===== RECORDED INFORMATION =====

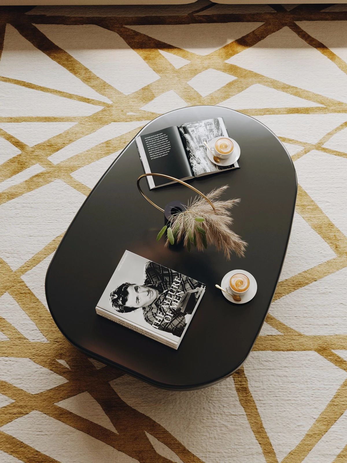 软装设计中地毯上布满了一个十字交叉的图案,就像树的巨大的缠绕在一起的树枝,一个现代的枝形吊灯在上面伸出。
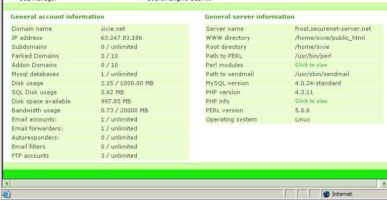 As a website management tool, CPanel (with Ace-Host additions) is INCREDIBLE: I keep picking my jaw off the floor as I come across one feature after another. Yeah, moving your site will be something of a pain, but once you've moved, you'll wonder how you've managed without it! Since a picture is worth a thousand words, here's a few screenshots of the sixie.net CPanel, whose limits are higher than what you'll be getting as a default.
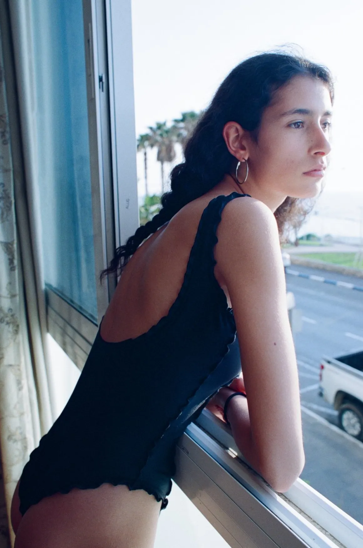 A square neckline full corset one-piece bathing suit, with lettuce edge finishings. V back. Medium bum coverage. Square neck line is flatter for all bust sizes. Doubles as a bodysuit!
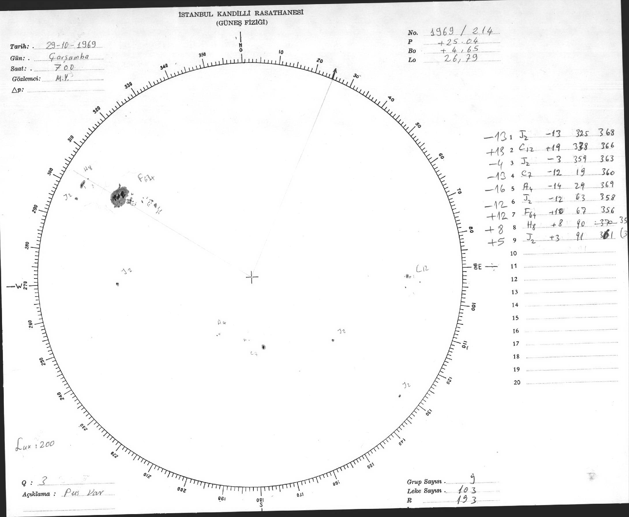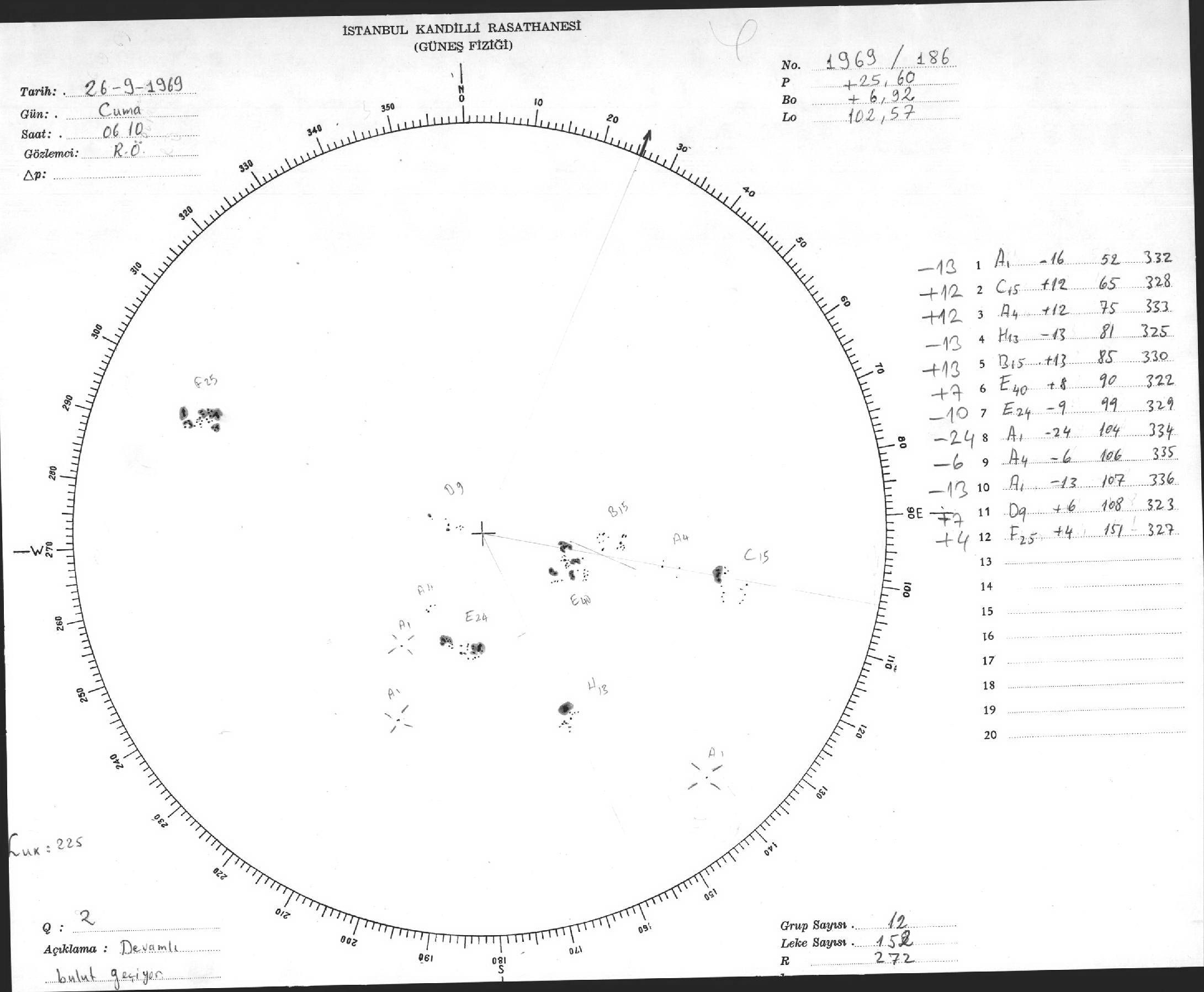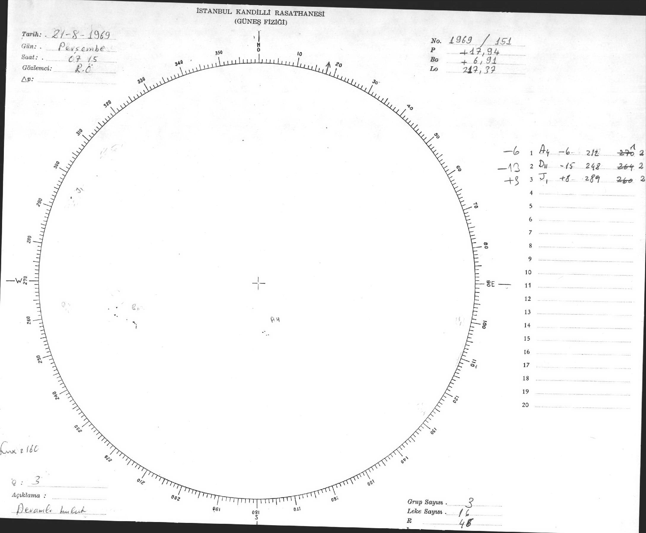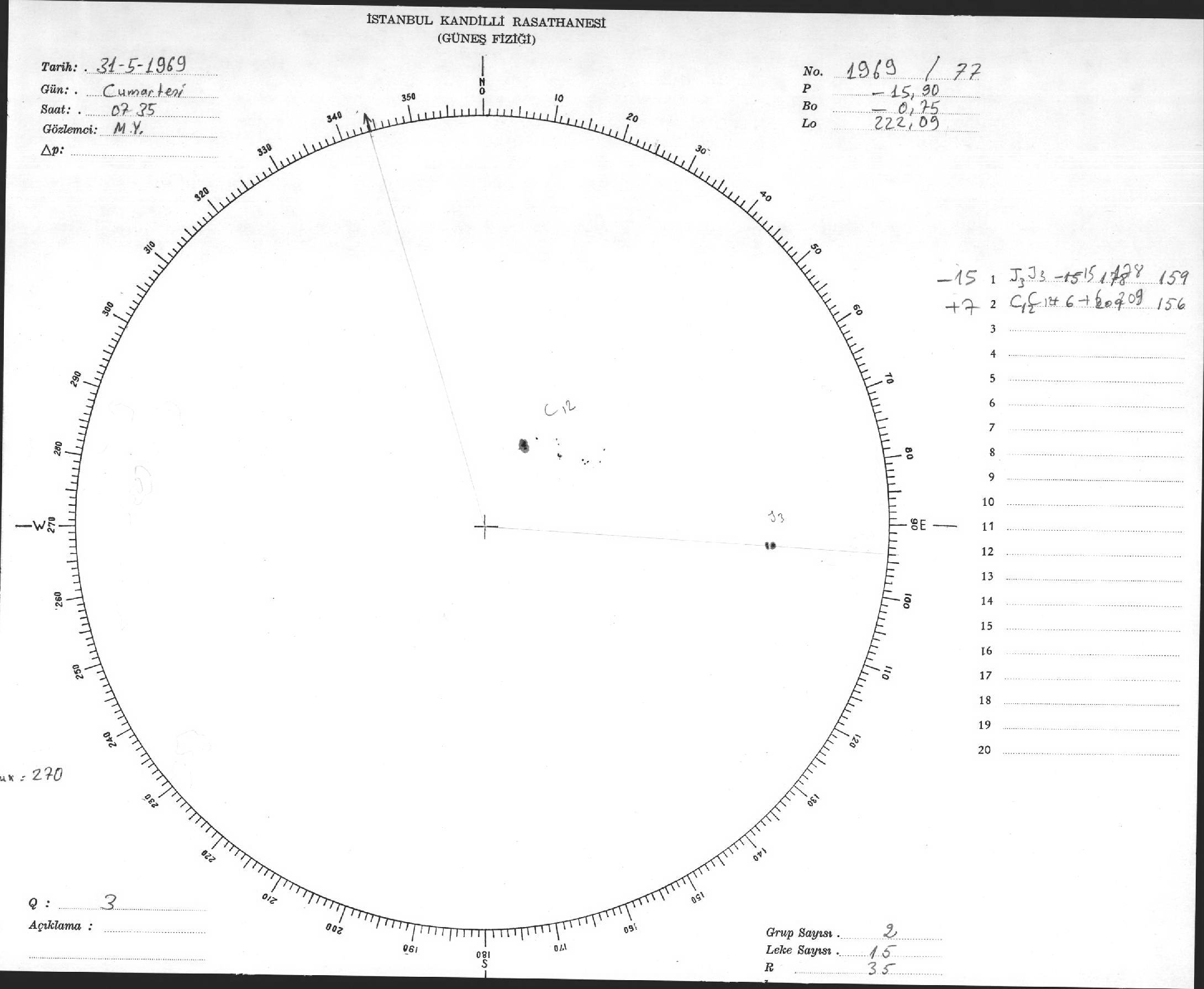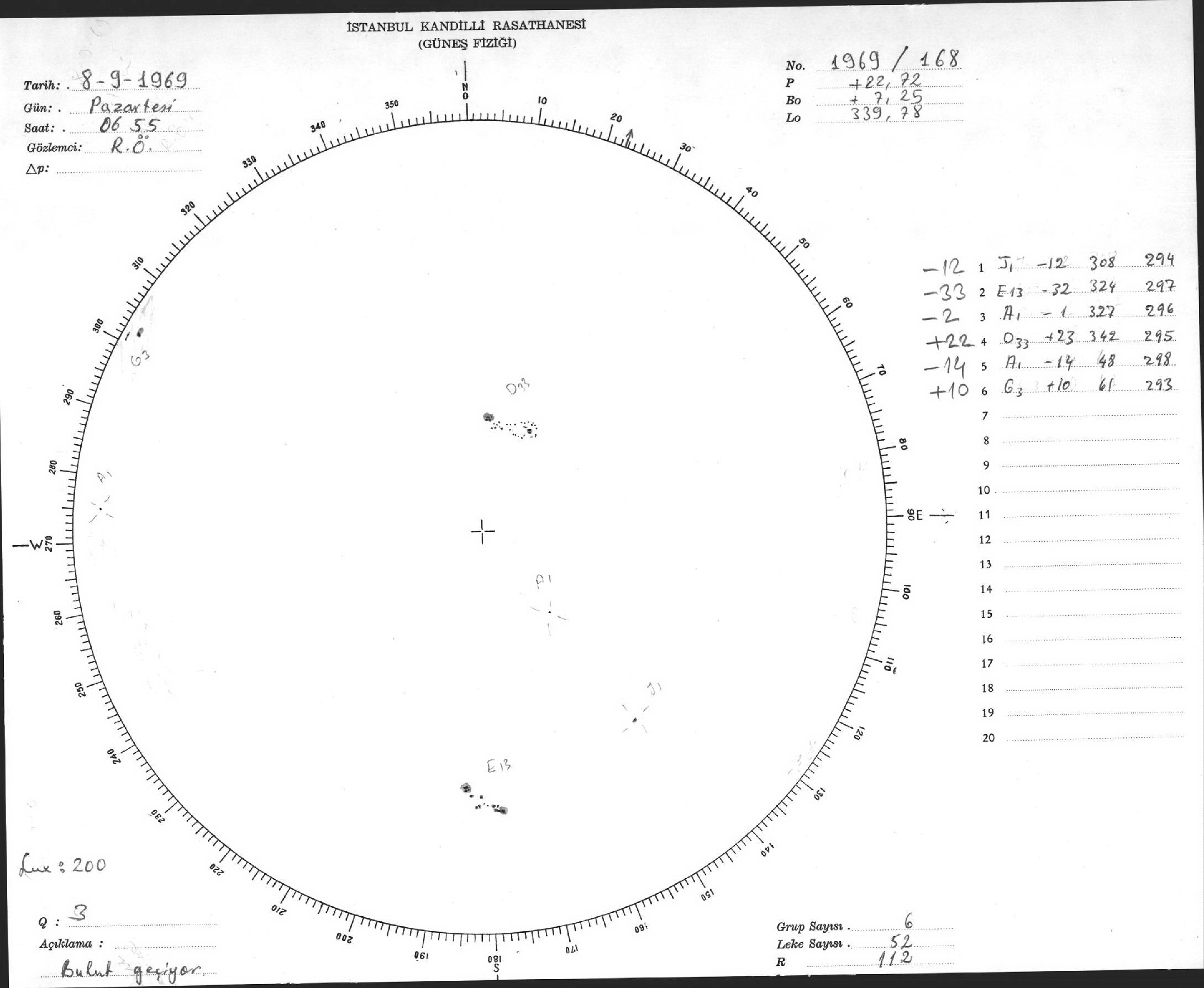 Güneş Lekesi Çizimleri / Kandilli Sunspot Drawings

=====

> [EXERCISE DESCRIPTION] Write out, please, the lines of the listing above from the one with "A square neckline" through the very last, exactly as given and with no pictures.

> [ANSWER SPACE]
 A square neckline full corset one-piece bathing suit, with lettuce edge finishings. V back. Medium bum coverage. Square neck line is flatter for all bust sizes. Doubles as a bodysuit!
 Güneş Lekesi Çizimleri / Kandilli Sunspot Drawings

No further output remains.